The family is named for the genus Thymelaea, the name of which is a combination of the Greek name for the herb thyme θύμος (thúmos) and that for the olive ἐλαία (elaía) - in reference to its thyme-like foliage (i.e. minuscule leaves) and olive-like fruit.
Unlike most recent authors, who recognize four subfamilies, B.E. Herber has divided Thymelaeaceae into two subfamilies. He has retained the subfamily Gonostyloideae, but renamed it Octolepidoideae. The other three traditional subfamilies (Synandrodaphnoideae, Aquilarioideae, and Thymelaeoideae) were combined into a Thymelaeoideae s.l.(sensu lato), and reduced to tribal rank, as Synandrodaphneae, Aquilarieae, and Daphneae, respectively. No tribes were designated in subfamily Octolepidoideae, but it was provisionally divided into two informal groups, the Octolepis group and the Gonystylus group. Likewise, no subtribes were designated in the tribe Daphneae, but it was informally divided into four groups: the Linostoma group, the Daphne group, the Phaleria group, and the Gnidia group. The 45 genera recognized by Herber are grouped as follows. Three genera in Daphneae were placed incertae sedis (not assigned to any particular group or in a separate group by themselves).

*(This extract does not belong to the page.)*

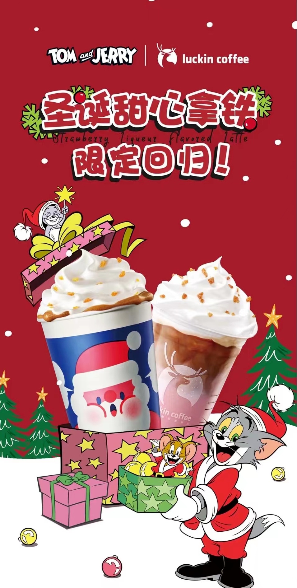 在跨界营销上已经得心应手的瑞幸咖啡,不会放过任何一个可以 “搞事情” 的节日。最近,瑞幸宣布和 “TOM and JERRY” 再次联名,推出联名新品 “圣诞甜心拿铁”。这次没有联名纸杯,但杯套上印有圣诞树、猫和老鼠等元素。与 “圣诞甜心拿铁” 同时推出的还有另外 3 款饮品以及 3 款甜品。

- Octolepis group: Arnhemia, Deltaria, Lethedon, Octolepis, Solmsia
- Gonystylus group: Aetoxylon, Amyxa, Gonystylus
- Linostoma group: Craterosiphon, Dicranolepis, Enkleia, Jedda, Linostoma, Lophostoma, Synaptolepis
- Phaleria group: Peddiea, Phaleria
- Daphne group: Daphne, Daphnopsis, Diarthron, Dirca, Edgeworthia, Funifera, Goodallia, Lagetta, Ovidia, Rhamnoneuron, Schoenobiblus, Stellera, Thymelaea, Wikstroemia
- Gnidia group: Dais, Drapetes, Gnidia, Kelleria, Lachnaea, Passerina, Pimelea, Struthiola
- Incertae sedis: Linodendron, Stephanodaphne, Lasiadenia
The first molecular phylogeny for Thymelaeaceae was published in 2002. It was based on 2 regions of chloroplast DNA. These were the rbcL gene and the intergenic spacer between the transfer RNA genes trnL and trnF. Forty one species in the family were sampled. In 2008, Marline Rautenbach performed a phylogenetic study in which 143 species in the family were sampled. The sampling in this study was concentrated in the Gnidia group, but the sampling in the rest of the family was as extensive as in the previous study, or more so. In addition to rbcL and trnL-F data, sequences of the ITS (internal transcribed spacer) region of nrDNA (nuclear ribosomal DNA) were used. All of the clades that were strongly supported in the previous study were recovered with even stronger statistical support.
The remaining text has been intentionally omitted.